I didn’t like making eye contact with anyone. I was extremely sensitive to certain sounds, tastes, and smells. I had a habit of fiddling around with my fingers or hands randomly. I had limited interests.

I was bullied in elementary and middle school. I would get called disparaging names and would have humiliating things done to me. This made me not want to go to school at all.

I cried whenever I had to go because I would get harassed and belittled. Administrators just did the same thing they always did, fill out paperwork to put in my file and leave me subjected to harassment.

At home was no different. My family members couldn’t understand what I was dealing with in school. Because of this, I was not entitled to have any feelings around them.

I would just get shunned and ridiculed, which made me feel worse about myself. As I got older, I found that all these feelings I would keep bottled up only did me more harm than good.
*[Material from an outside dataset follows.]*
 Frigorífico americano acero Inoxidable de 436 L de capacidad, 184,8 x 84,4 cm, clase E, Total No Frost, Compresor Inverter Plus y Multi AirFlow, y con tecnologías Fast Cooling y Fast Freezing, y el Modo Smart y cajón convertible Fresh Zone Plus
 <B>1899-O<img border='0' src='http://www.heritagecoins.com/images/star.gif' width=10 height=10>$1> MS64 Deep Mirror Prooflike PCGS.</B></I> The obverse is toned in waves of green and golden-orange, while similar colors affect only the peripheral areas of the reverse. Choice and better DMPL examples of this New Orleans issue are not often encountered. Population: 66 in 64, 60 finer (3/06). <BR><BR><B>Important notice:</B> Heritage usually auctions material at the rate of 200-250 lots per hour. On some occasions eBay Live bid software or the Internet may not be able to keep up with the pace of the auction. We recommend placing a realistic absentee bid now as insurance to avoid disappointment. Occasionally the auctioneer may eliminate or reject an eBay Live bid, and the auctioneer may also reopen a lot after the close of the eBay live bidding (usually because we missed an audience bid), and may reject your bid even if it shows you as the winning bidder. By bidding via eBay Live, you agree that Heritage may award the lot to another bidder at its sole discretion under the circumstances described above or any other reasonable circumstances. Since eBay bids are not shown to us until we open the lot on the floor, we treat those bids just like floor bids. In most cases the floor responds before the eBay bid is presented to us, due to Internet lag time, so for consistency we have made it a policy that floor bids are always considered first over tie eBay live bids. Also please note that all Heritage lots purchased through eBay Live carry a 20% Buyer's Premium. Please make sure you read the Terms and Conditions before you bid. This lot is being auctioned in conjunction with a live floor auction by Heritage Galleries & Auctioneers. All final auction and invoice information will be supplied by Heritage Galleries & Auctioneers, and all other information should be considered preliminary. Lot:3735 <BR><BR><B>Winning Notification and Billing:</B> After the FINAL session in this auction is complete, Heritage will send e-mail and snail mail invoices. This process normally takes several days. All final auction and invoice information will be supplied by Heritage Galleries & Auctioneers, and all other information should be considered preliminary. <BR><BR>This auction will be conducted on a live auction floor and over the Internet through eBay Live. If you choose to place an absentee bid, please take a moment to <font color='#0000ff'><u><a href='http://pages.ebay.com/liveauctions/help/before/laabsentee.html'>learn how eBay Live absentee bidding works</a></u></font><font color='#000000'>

I began to act out in school and at home. I would ultimately experience PTSD because of the things that I was seeing around me, along with what I was experiencing at school, my neighborhood, and my household. Asperger’s didn’t help the situation.

However, there was a calling. Writing was it.

Khali Raymond in the middle of a crosswalk in a city

I’ve been reading ever since I was two years old. Once I began attending school, I found myself writing those words that I once read for the first time. There was just something about storytelling which had me coming back every single time.

Could it have been the sheer amounts of freedom that allowed me to craft any narrative that I wanted? Was it the worlds I was capable of creating? Was I a kid of much words? Verbally, no. However, once a pen was placed into my hands – I found that I was able to blow away people with my knowledge and my honesty in my writing.

When I was going through heartbreak, struggle, and adversity, I would always retreat to my journal. I’d jot down how I was feeling. My journal was the only place that I couldn’t be ostracized in. When I entered the eighth grade in 2012, I took on something that no one has ever taken on before.

I would begin work on the book that started my writing career. The Ballad of Sidney Hill was born. It took me two years to write the book. I self-published it on October 26, 2014 – a month after I entered the tenth grade. Fast forward four and a half years later, I have 127 books published. I have had my work featured by countless publications, such as the Obama Foundation and Prudential.

I am a performance poet. I will be graduating with my Associate’s Degree from Berkeley College next semester in the spring.

If there’s anything I’ve learned from having Asperger’s – that’s to never give up on my goals. Never allow this world to dim my light. Always have the power to bounce back!